From Inspiration to Publication: Creative Longevity in Memoir and Fiction
with Adrienne Brodeur & Patti Callahan Henry
Do you ever wonder what story you want to tell and what genre will best serve it? Are you committed to writing for the long haul? Do you need help figuring out how to build a life to support your literary aspirations? If so, look no further – this workshop is for you!
Through lectures, generative exercises, small group conversations, and question and answer sessions, Patti and Adrienne will help you refine your story and its premise, identify its origins and sources of inspiration, and delve deeper. As you overcome resistance and draw from storytelling traditions, our exercises and conversations will be geared toward helping you determine the right genre for your work, find your voice, and build a sustainable life as a writer.
Our class will help you decide how best to tell your story, and what genre might serve your idea most powerfully.
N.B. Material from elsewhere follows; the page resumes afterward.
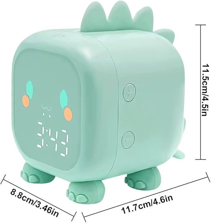 این ساعت از جنس ABS و سیلیکون مقاوم ساخته شده و وزن سبک آن باعث میشود بهراحتی روی میز مطالعه، قفسه یا کنار تخت قرار بگیرد. صفحه LED باکیفیت، اطلاعات زمان، تاریخ و دما را بهصورت واضح نمایش میدهد و قابلیت تنظیم در حالتهای ۱۲ یا ۲۴ ساعته را دارد. این ویژگی به والدین کمک میکند کودکان را با مفهوم زمان آشنا کرده و برنامه خواب منظمی برای آنها ایجاد کنند.

We take a long view of the writer’s life and the creative process, and we’ll share hacks and routines that will help you achieve a life of storytelling. We’ll discuss literary citizenry, creating community, how to turn off your inner critic, and other topics – all designed to help you forge a path toward the writer’s life and enable you to become part of something bigger.
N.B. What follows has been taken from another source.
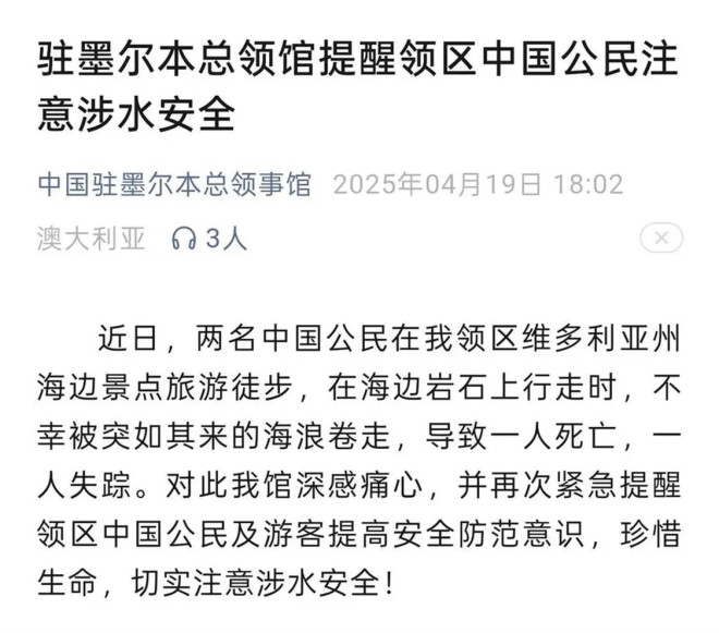 据中国驻墨尔本总领馆官方微信公众号4月19日消息,近日,两名中国公民在我领区维多利亚州海边景点旅游徒步,在海边岩石上行走时,不幸被突如其来的海浪卷走,导致一人死亡,一人失踪。对此我馆深感痛心,并再次紧急提醒领区中国公民及游客提高安全防范意识,珍惜生命,切实注意涉水安全! ![]() 中国驻墨尔本总领馆 一、切勿在风高浪急处游泳或在悬崖边驻足、徒步、照相、岩钓,以免被海浪卷走溺水。 二、涉水活动尽量多人同行,相互照顾,避免前往陌生或禁止海域,不要在天气及海况条件恶劣时下海,以免发生意外。 三、下海游泳应选择配备有救生员的海滩,同时应注意海边安全标识。乘船出海应配备救生衣、救生筏,掌握应急求救知识和技巧。 四、谨慎选择涉水项目。根据自身水性、身体状况、涉水项目风险程度等合理选择水上活动。参加浮潜、冲浪、钓鱼等高风险项目需接受安全技能培训、指导并在专业人士陪同下进行,严格按要求穿戴好救生衣,熟悉相关设备使用方法和应急措施。 五、未成年人参加涉水活动应有监护人全程看护、陪同。 ![]() 事发海边(图源:橙柿互动) 据橙柿互动此前报道,当地时间4月18日上午,澳大利亚维多利亚州南部著名的旅游胜地企鹅岛发生一起悲剧。三名中国公民在企鹅岛圣雷莫PunchBowl路附近的一个海滩被海浪冲下岩石,目前已经确定其中一人溺亡。 意外发生在上午8点30分左右,当时一共有7个人一起沿着岩石在散步,其中有三个人被卷入了大海,三个人中有一对夫妻。其中一名女子自己设法回到岸边,但是那对夫妻无法自行返回。搜救人员用警用直升机搜索的过程中,在海中发现了女子,并将她带回到岸边,但她已不幸死亡。被冲入海中的男子还未被发现,自行回到岸边的女子已经被送往医院。 警方透露,这群人已经被确认为中国公民,他们持有的是工作签证,年龄在三十和四十岁之间。 ![]() 搜救直升机(图源:橙柿互动) 目前,澳大利亚的紧急搜救部门使用了包括直升机、潜水员和喷气式滑水板在内的多种工具,但目前仍未找到失踪男子。据了解,这对夫妻有一个孩子。 事发海滩已经不是第一次发生类似的悲剧。2021年12月,一名女子在同一海滩从岩石上被海浪冲走,不幸溺亡。2023-2024年夏天,当地海滩发生了6起溺水事件。冲浪救生海滩安全网站将该海滩描述为“中度危险”,称该海滩有陡峭的悬崖、礁石和岩石,还有永久性的裂口。 |

4 Afternoons: Monday 11/6–Thursday 11/9 | 1:30-4:30pm
A $100 combination discount will be applied when registering for the conference at the same time.
$795.00
In stock
Adrienne Brodeur is the author of the novel, Little Monsters, and memoir, Wild Game: My Mother, Her Lover and Me, which was described by The New York Times Book Review as: “Exquisite and harrowing. . . . The book is so gorgeously written and deeply insightful, and with a line of narrative tension that never slacks, from the first page to the last, that it’s one you’ll likely read in a single, delicious sitting.”
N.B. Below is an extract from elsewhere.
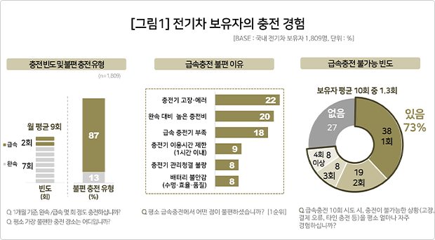 ● 급속충전 경험자 73%, 최근 10회 중 1회 이상 ‘충전 실패’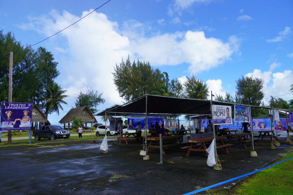Supporters, candidates and party leaders gather early Tuesday morning under the NMI Democratic Party canopies across from the multi-purpose center.

Published in October 2019 by HMH Books, Wild Game’s film rights were bought by Chernin Entertainment and is in development as a Netflix film with Nick Hornby attached to adapt and Deniz Gamze Ergüven, the director of Mustang, attached to direct.
Adrienne has spent the past two decades of her professional life in the literary world, discovering voices, cultivating talent, and working to amplify underrepresented writers. Her publishing career began with founding the fiction magazine, Zoetrope: All-Story, with filmmaker Francis Ford Coppola, where she served as editor in chief from 1996-2002. The magazine has won the prestigious National Magazine Award for best fiction four times. In 2005, she became an editor at Harcourt (later, HMH Books), where she acquired and edited literary fiction and memoir. Adrienne left publishing in 2013 to become Creative Director — and later Executive Director — of Aspen Words, a literary arts nonprofit and program of the Aspen Institute.
Patti Callahan Henry is a New York Times, EPCA, Globe and Mail, and USA Today bestselling author of sixteen novels, including her newest, The Secret Book of Flora Lea. She’s also a podcast host of original content for her novels, Surviving Savannah and Becoming Mrs. Lewis.
She is the recipient of The Christy Award “Book of the Year”; The Harper Lee Distinguished Writer of the Year and the Alabama Library Association Book of the Year for Becoming Mrs. Lewis. She is the co-host and co-creator of the popular weekly online Friends and Fiction live web show and podcast. Patti was also a contributor to the monthly life lesson essay column for Parade Magazine. She’s published in numerous anthologies, articles, and short story collections, including an Audible Original about Florence Nightingale, titled Wild Swan narrated by the Tony Award winner, Cynthia Erivo.